How to complete this task:
Copy exactly, no pictures: every line from the one that contains "Plancetta di poppa" through the end of the entries below.

*** Opening of Exercise input ***

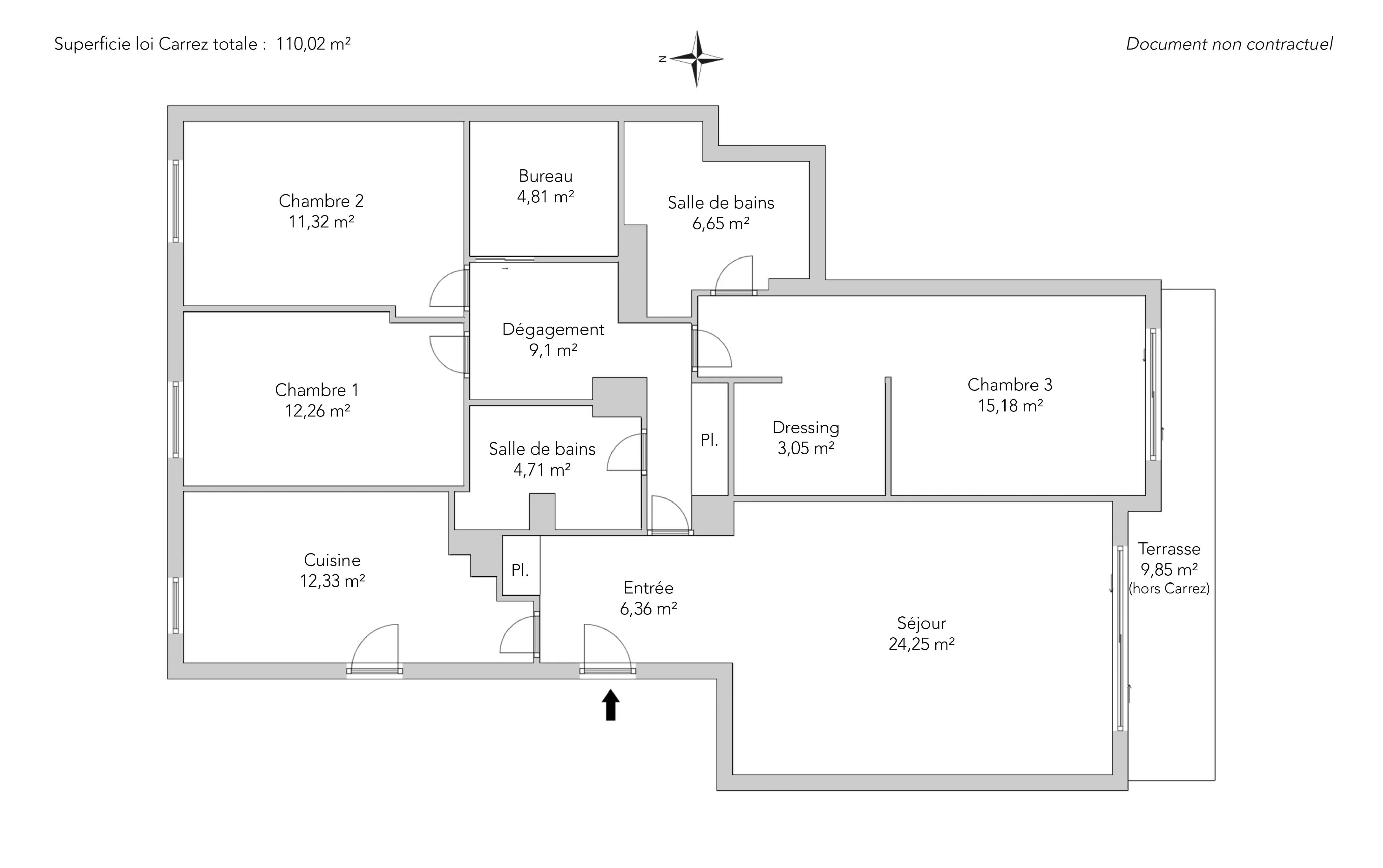 In a condominium with janitor, a 110.02sqm loi Carrez apartment located on the second floor, in a quiet area and entirely overlooking a garden.
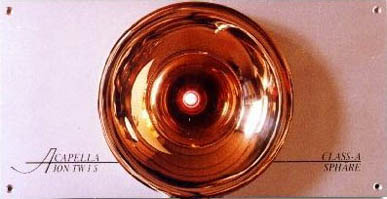 The Horn Midrange I have a confession to make. I was not really a horn speaker fan until I heard horns via Acapella. I truly appreciate the dynamics of horns, and dynamics are one of the hardest characteristics of live music for a hi-fi system to reproduce. I also appreciate how the higher sensitivity of a horn system allows them to be used with smaller wattage and usually simpler circuit amplifiers, and thus a theoretically less altered signal to pass through. However, many horn speaker designs roll off the high frequencies too quickly for my personal taste. The mating of the horn midrange to the Plasma Ion Tweeter is the remedy for my horn issues, proving a well executed design can result in so much more than just the sum of its parts. The beautifully flared horn may share its roots with its predecessors, but unlike the surviving vintage speakers I have heard, there was no metallic ringing flares requiring copious amounts of "soundcoat", or subtle, but once identified annoying wooden resonances, just pure clean and big sound. All of it was there, effortless dynamics, the open soundstage, big, open and airy sounding music. Throw on a smoky voiced female singer and be intoxicated by their performance. You can hear them breathe between lyrics when the recording is up to it. Jacintha's rendition of "Georgia On My Mind" from Here's to Ben (FIM XRCD 020) portrayed the sensual vocals and sax with a breathtaking balance of hearing every detail and breath of the original note and lyric, combined with the delicate decay of those same notes and lyrics. Domnerius playing Antiphone Blues (FIM CD003) filled the room with luscious sounds, what a wonderful front soundstage and all around soundscape!
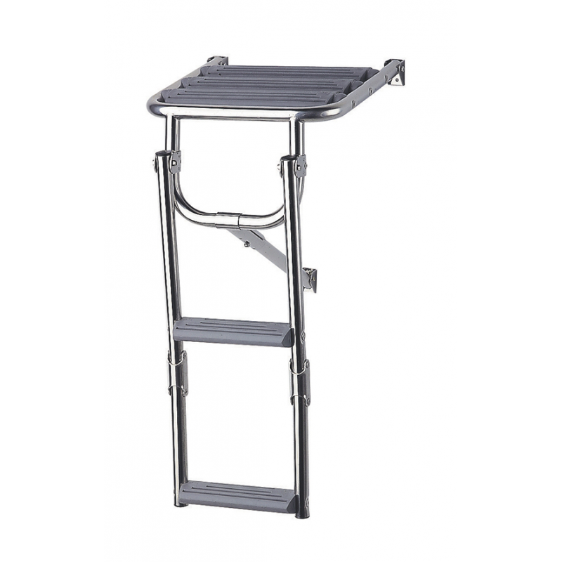 Plancetta di poppa in PVC con scalettapieghevole ribaltabile in acciaio inox e PVC grigioantiscivolo, gradini larghi mm. 70 per una maggiorestabilità e comfort.
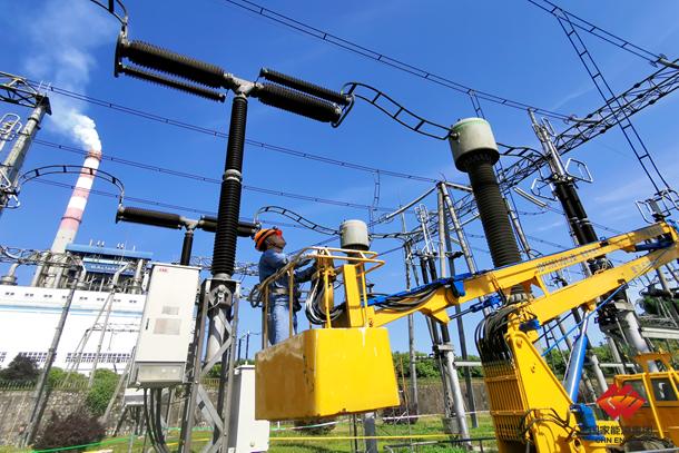 图为华蓥山公司检修人员对升压站设备加强巡查
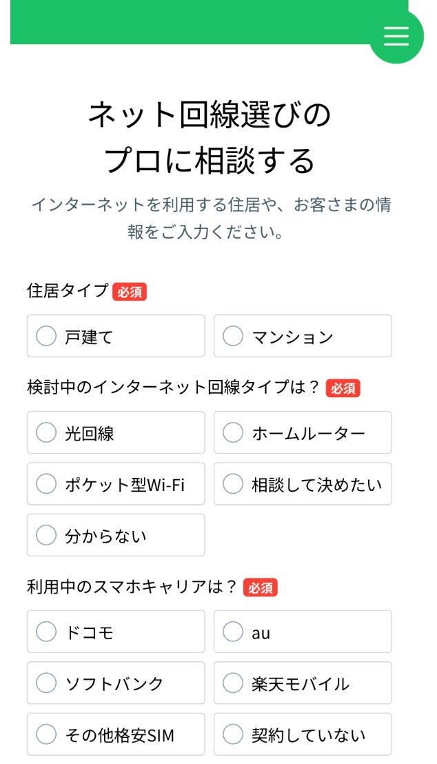 入力はすべて選択式で、複雑な専門用語や料金プランを理解していない、光回線・ホームルーターなどの区別が分からない場合でも問題ありません。
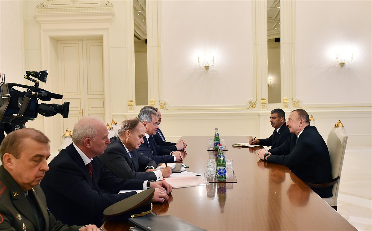 BAKÜ (AA) - Rusya Savunma Bakanı Sergey Şoygu, çalışma ziyareti için geldiği Azerbaycan'da Cumhurbaşkanı İlham Aliyev tarafından kabul edildi.

*** Close of Exercise input ***

Finished task:
 Plancetta di poppa in PVC con scalettapieghevole ribaltabile in acciaio inox e PVC grigioantiscivolo, gradini larghi mm. 70 per una maggiorestabilità e comfort.
 图为华蓥山公司检修人员对升压站设备加强巡查
 入力はすべて選択式で、複雑な専門用語や料金プランを理解していない、光回線・ホームルーターなどの区別が分からない場合でも問題ありません。
 BAKÜ (AA) - Rusya Savunma Bakanı Sergey Şoygu, çalışma ziyareti için geldiği Azerbaycan'da Cumhurbaşkanı İlham Aliyev tarafından kabul edildi.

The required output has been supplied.